Recipient demographics
| Characteristic | |||
|---|---|---|---|
|
| |||
| Negative biopsy (steroid withdrawal) | Positive biopsy (steroid maintained) | p | |
| Age | 43.8±8.70 | 41.9±9.13 | NS |
| Sex (male %) | 55% | 65% | NS |
| Race (caucasian %) | 95% | 100% | |
| Transplant number (first %) | 100% | 100% | |
| PRA % | 0.7±2.8 | 1.2±3.4 | NS |
| Dialysis (% HD) | 60% | 71% | NS |
Data are mean ± standard deviation. HD: preoperative mode of dialysis = hemodialysis; PRA%: % panel reactive antibody.
Rejection
A total of 41 early protocol biopsies were performed in 41 patients between three and six months. Twenty-six out of 41 patients had one-year followup protocol biopsies that were adequate for analysis; 12 of 41 patients had 16 additional protocol biopsies beyond the followup biopsy. Overall, a total of 85 protocol biopsies were performed. In addition to protocol biopsies, 24 of 41 patients underwent for-cause biopsies for allograft dysfunction at some point during the five years of followup.
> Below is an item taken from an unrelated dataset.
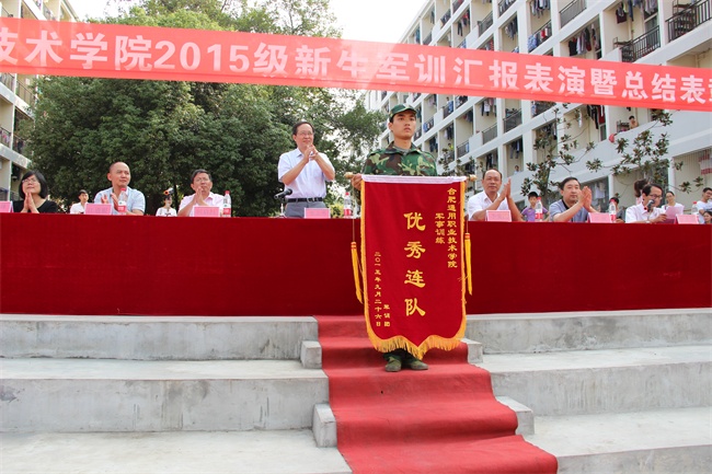 最后,学院院长张志勇同志发表讲话。张院长首先代表学院领导班子,向全体受训的同学们以及荣获表彰的单位和个人表示诚挚的敬意和祝贺;向认真细致、尽职尽责的全体军训教官们以及精心组织、细致安排的学生处、团委、各系部的老师、辅导员们、各管理部门的员工们表示衷心的感谢。张院长向全体2015级新生同学们提出了殷切的希望和要求。他要求同学们能够:巩固成果,昂扬向上;志存高远,脚踏实地;修身立德,学会做人;热爱生活,保持健康。军训生活锻炼了同学们的体魄与技能,磨练了同学们的意志与品质,让大家养成了良好的生活、学习习惯,张院长希望大家能够一如继往地保持这种精神和习惯,固化成为未来做人、做事、学本领、成事业的优良品质,用这种品质去雕琢和实现自己的青春梦想。最后,张院长赠送给全体同学们一条青春寄语:“劳动创造财富,勤奋获取丰收,追求实现理想,过程享受幸福。”

Fifty-one percent of patients had no histological changes on early protocol biopsy (negative biopsy group) and prednisone therapy was withdrawn. The one-year protocol biopsy of these patients (n=14) showed that 57% remained negative, 36% developed borderline rejection, and 7% developed Banff IB rejection. Patients who later developed borderline rejection were restarted on steroid therapy. Forty-four percent of patients had borderline changes on early protocol biopsy (borderline biopsy group) and prednisone therapy was maintained. The one-year protocol biopsy of these patients (n=11) showed that 36% were negative, 55% remained borderline, and 9% developed C4d+/DSA+ subclinical humoral changes (Fig. 1).
Fig. 1.
Early protocol biopsy results. Twenty patients had one-year followup protocol biopsies that were adequate for analysis. aPatients later developed antibody-mediated rejection at 18 months.
Of note, IFTA was quantified using the Banff classification. Grade I represented mild IF/TA and Grade II represented moderate IF/TA. There was only one case of Grade II IF/TA on protocol biopsy. The remaining protocol biopsies were Grade I IF/TA.
There was no difference in the percentage of IF/TA between the negative vs. borderline biopsy groups at one year (56% vs. 50%; p=0.81) or at any protocol biopsy time point (67% vs. 67%; p=1). There was also no difference in the number of clinical rejection episodes in the five years of followup between the two groups (17% vs. 25%; p=0.62).
Two early protocol biopsies (5%) demonstrated subclinical rejection (Banff IA). The first patient received prednisone maintenance successfully, but refused any further protocol biopsy and had excellent renal and pancreatic graft function at five years. The second patient had a biopsy demonstrating Banff IA rejection. He was successfully treated with prednisone bolus therapy. He later developed Banff IIA rejection with C4d+/DSA+ antibody-mediated rejection at 18 months, demonstrated on followup protocol biopsy, despite having excellent graft function (creatinine 105 μmol/L, HbA1c 0.056). He was treated with plasmapheresis/intravenous immunoglobulin 2 g/kg and prednisone therapy, but lost his renal allograft from ongoing rejection four years post-transplant. He remains insulin-independent. One patient in the borderline group had a rising amylase despite having a stable serum creatinine at nine months postoperatively. This patient had a negative renal biopsy, but since the amylase remained elevated, the pancreas was biopsied one week later; this showed no evidence of rejection.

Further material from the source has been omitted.